• _Directions for this task_
Because the images are not wanted, restate every line below word for word without them.
[[ Information provided, beginning ]]
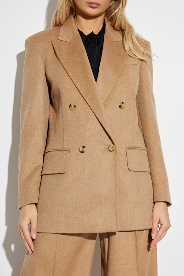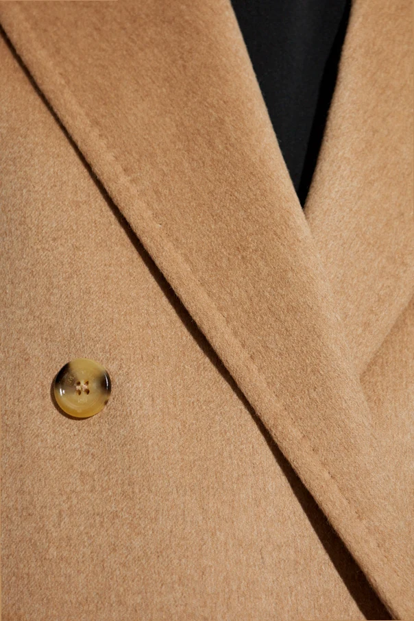 Die präzise geschnittene, zweireihige Konstruktion mit vier Knöpfen harmoniert mit breiten Revers, einem dezenten Kragen sowie rechteckigen Pattentaschen. Der luxuriöse Stoff – ausgewählte Kamelflaumwolle – garantiert unvergleichliche Weichheit und höchsten Tragekomfort. Ein dezentes, innen angebrachtes Logo-Etikett unterstreicht die exklusive Herkunft des Blazers.
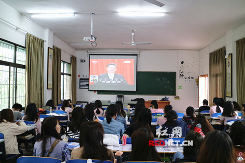 米兰官方端网页版组织学生集中收听收看纪念马克思诞辰200周年大会实况。
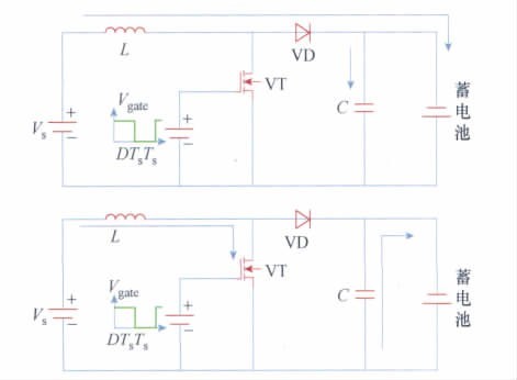 光伏控制器在设计时通常采用升压电路,产生比光伏电池板两端更高的电压,以利于向蓄电池充电,同时也克服了传统电路中防倒灌二极管将蓄电池电压钳位在12 V 的弊端。但当光照不足时,若要使蓄电池能够继续充电,该控制电路会导致光伏电池的工作点脱离最大功率输出点,会使得光伏路灯系统的发电效率下降。因此设计控制系统时需预设弱光段的阈值,以实现在弱光下能通过超级电容缓冲来保证蓄电池正常充电的目的。
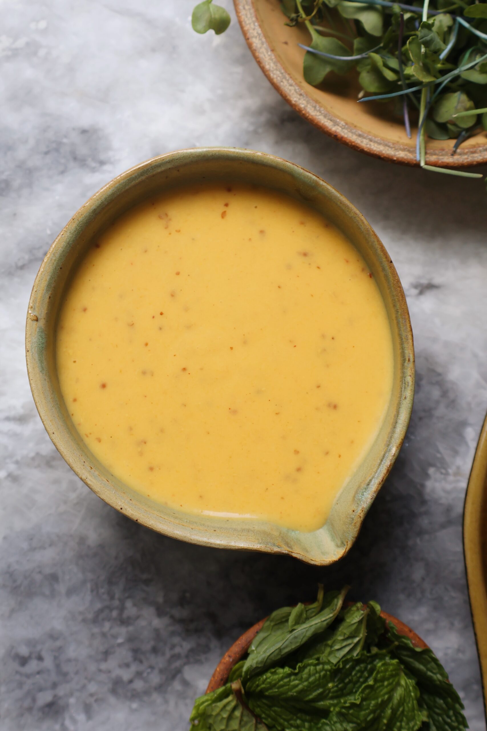 - homemade peach vinaigrette for a sweet and tart finish. Made with yellow peaches, apple cider vinegar, olive oil, honey, dijon mustard and salt
[[ Information provided, end ]]
• _Output for this task_
 Die präzise geschnittene, zweireihige Konstruktion mit vier Knöpfen harmoniert mit breiten Revers, einem dezenten Kragen sowie rechteckigen Pattentaschen. Der luxuriöse Stoff – ausgewählte Kamelflaumwolle – garantiert unvergleichliche Weichheit und höchsten Tragekomfort. Ein dezentes, innen angebrachtes Logo-Etikett unterstreicht die exklusive Herkunft des Blazers.
 米兰官方端网页版组织学生集中收听收看纪念马克思诞辰200周年大会实况。
 光伏控制器在设计时通常采用升压电路,产生比光伏电池板两端更高的电压,以利于向蓄电池充电,同时也克服了传统电路中防倒灌二极管将蓄电池电压钳位在12 V 的弊端。但当光照不足时,若要使蓄电池能够继续充电,该控制电路会导致光伏电池的工作点脱离最大功率输出点,会使得光伏路灯系统的发电效率下降。因此设计控制系统时需预设弱光段的阈值,以实现在弱光下能通过超级电容缓冲来保证蓄电池正常充电的目的。
 - homemade peach vinaigrette for a sweet and tart finish. Made with yellow peaches, apple cider vinegar, olive oil, honey, dijon mustard and salt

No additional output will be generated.